DATA PROVIDED —
--- --- ---
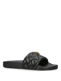 Γυναικείες παντόφλες του οίκου Kurt Geiger. Το λουράκι είναι καπιτονέ και καλύπτεται με αντικέ ορειχάλκινη κεφαλή Eagle. Η σόλα είναι κατασκευασμένη από καουτσούκ και έχουν κανονική γραμμή.
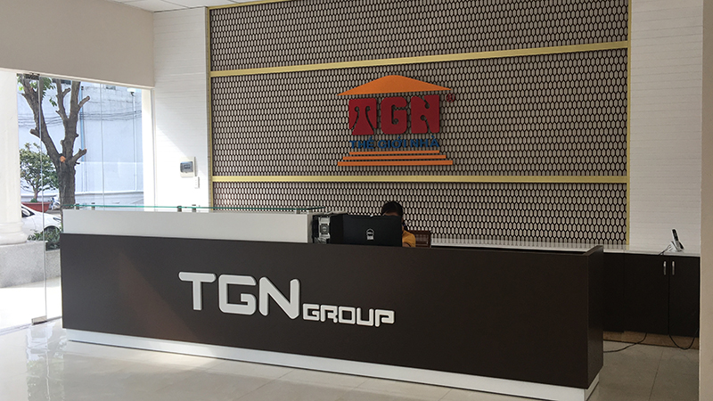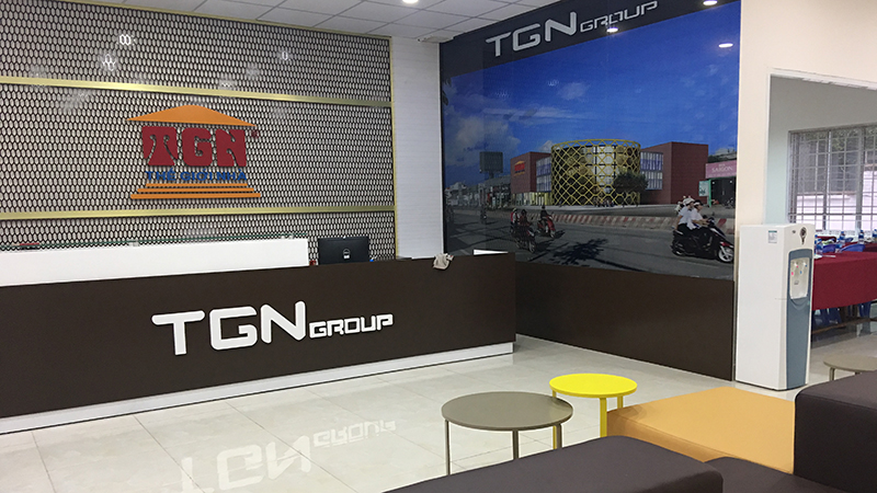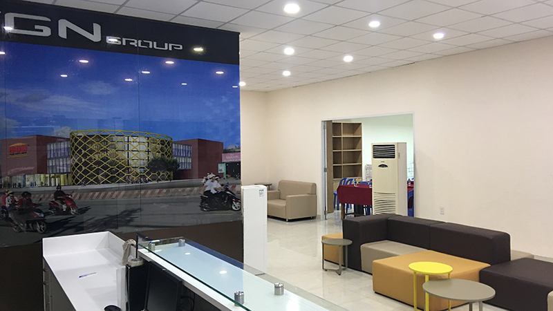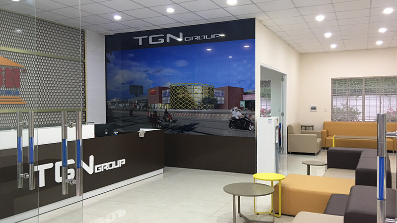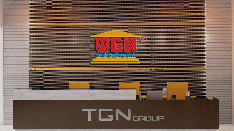 Sảnh chờ tiếp khách cùng banner hình ảnh trụ sở Thế Giới Nhà bắt mắt tăng tính nhận diện thương hiệu
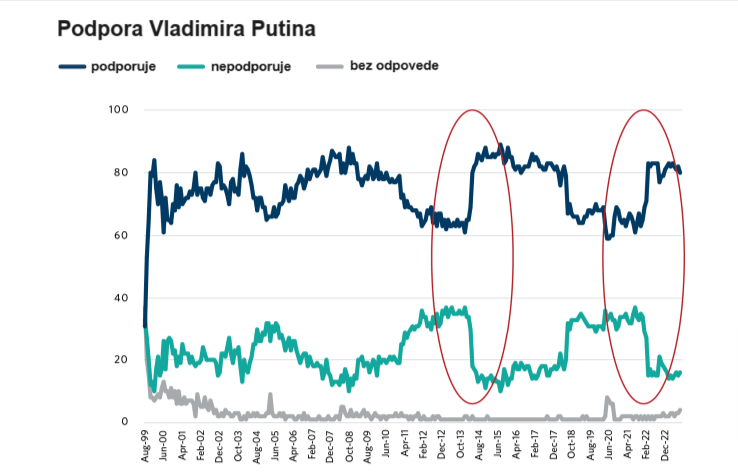 Napriek tomu je podľa renomovaných sociológov z Levadovho centra Putin populárny ako za najlepších čias. Podľa čerstvého prieskumu ho podporuje 82 percent opýtaných. Iba 15 percent má opačný názor.
--- --- ---
Leaving the pictures out, output the material exactly as it appears.

 Γυναικείες παντόφλες του οίκου Kurt Geiger. Το λουράκι είναι καπιτονέ και καλύπτεται με αντικέ ορειχάλκινη κεφαλή Eagle. Η σόλα είναι κατασκευασμένη από καουτσούκ και έχουν κανονική γραμμή.
 Sảnh chờ tiếp khách cùng banner hình ảnh trụ sở Thế Giới Nhà bắt mắt tăng tính nhận diện thương hiệu
 Napriek tomu je podľa renomovaných sociológov z Levadovho centra Putin populárny ako za najlepších čias. Podľa čerstvého prieskumu ho podporuje 82 percent opýtaných. Iba 15 percent má opačný názor.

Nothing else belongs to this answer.